[Data below Boundary: Start]
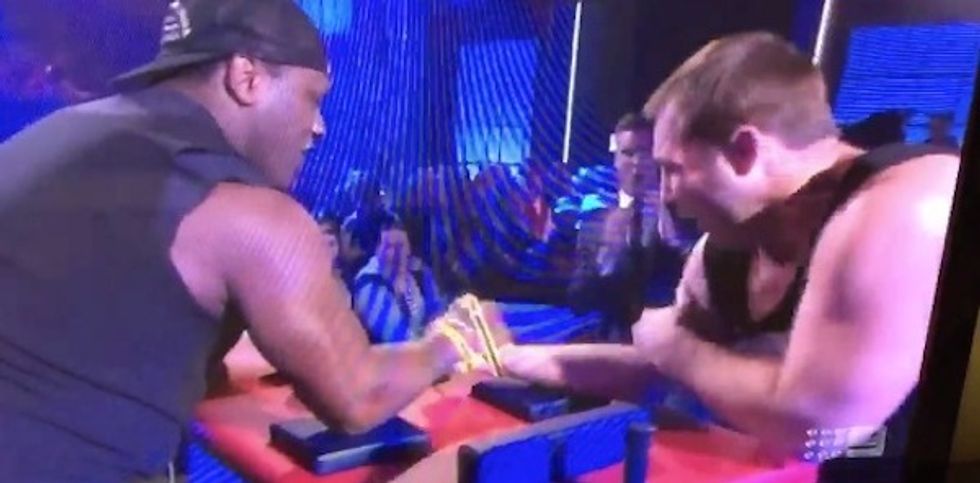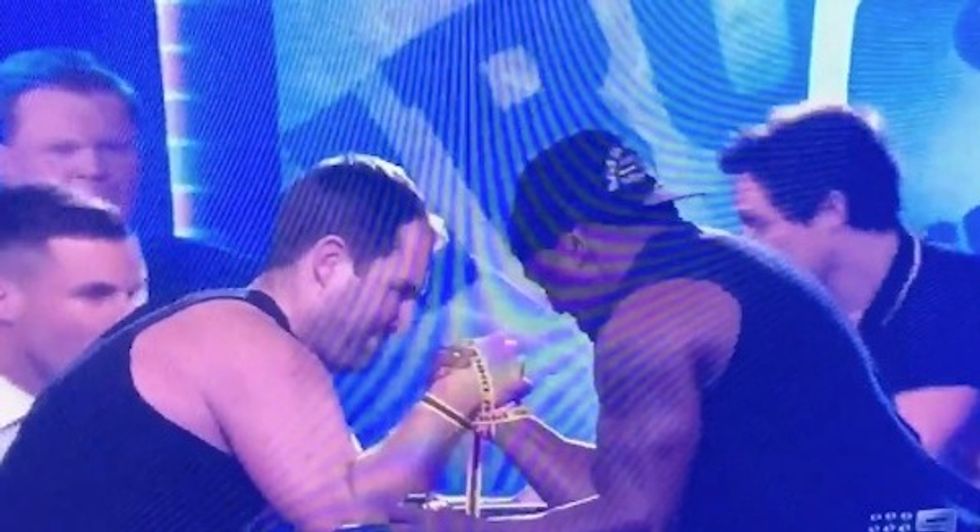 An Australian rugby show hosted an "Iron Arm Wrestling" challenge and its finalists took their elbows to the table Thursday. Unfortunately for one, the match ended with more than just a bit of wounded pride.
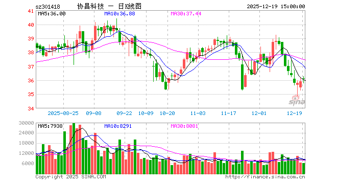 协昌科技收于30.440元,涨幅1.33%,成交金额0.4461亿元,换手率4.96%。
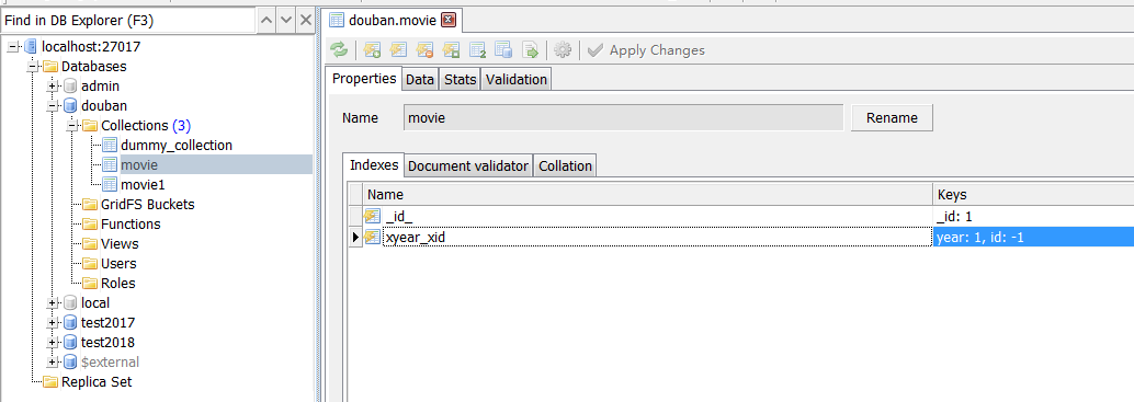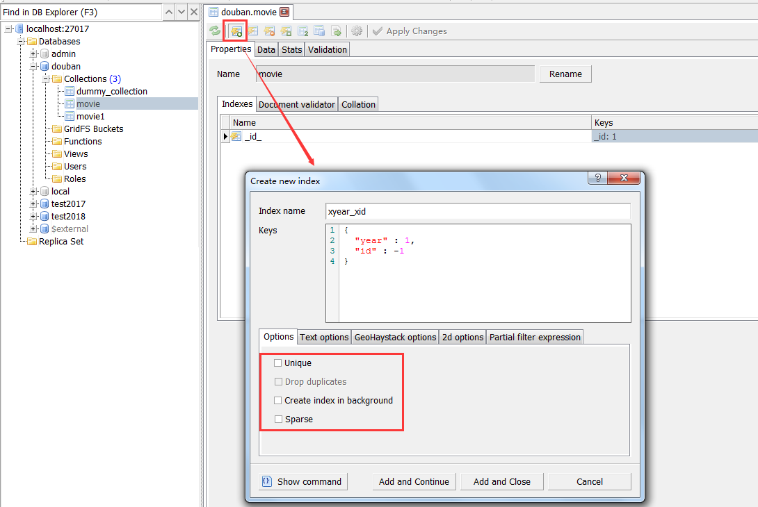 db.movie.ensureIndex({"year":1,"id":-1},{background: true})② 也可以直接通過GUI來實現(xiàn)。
[Data below Boundary: End]
When you write out the material, keep every line exact and leave out each picture.

 An Australian rugby show hosted an "Iron Arm Wrestling" challenge and its finalists took their elbows to the table Thursday. Unfortunately for one, the match ended with more than just a bit of wounded pride.
 协昌科技收于30.440元,涨幅1.33%,成交金额0.4461亿元,换手率4.96%。
 db.movie.ensureIndex({"year":1,"id":-1},{background: true})② 也可以直接通過GUI來實現(xiàn)。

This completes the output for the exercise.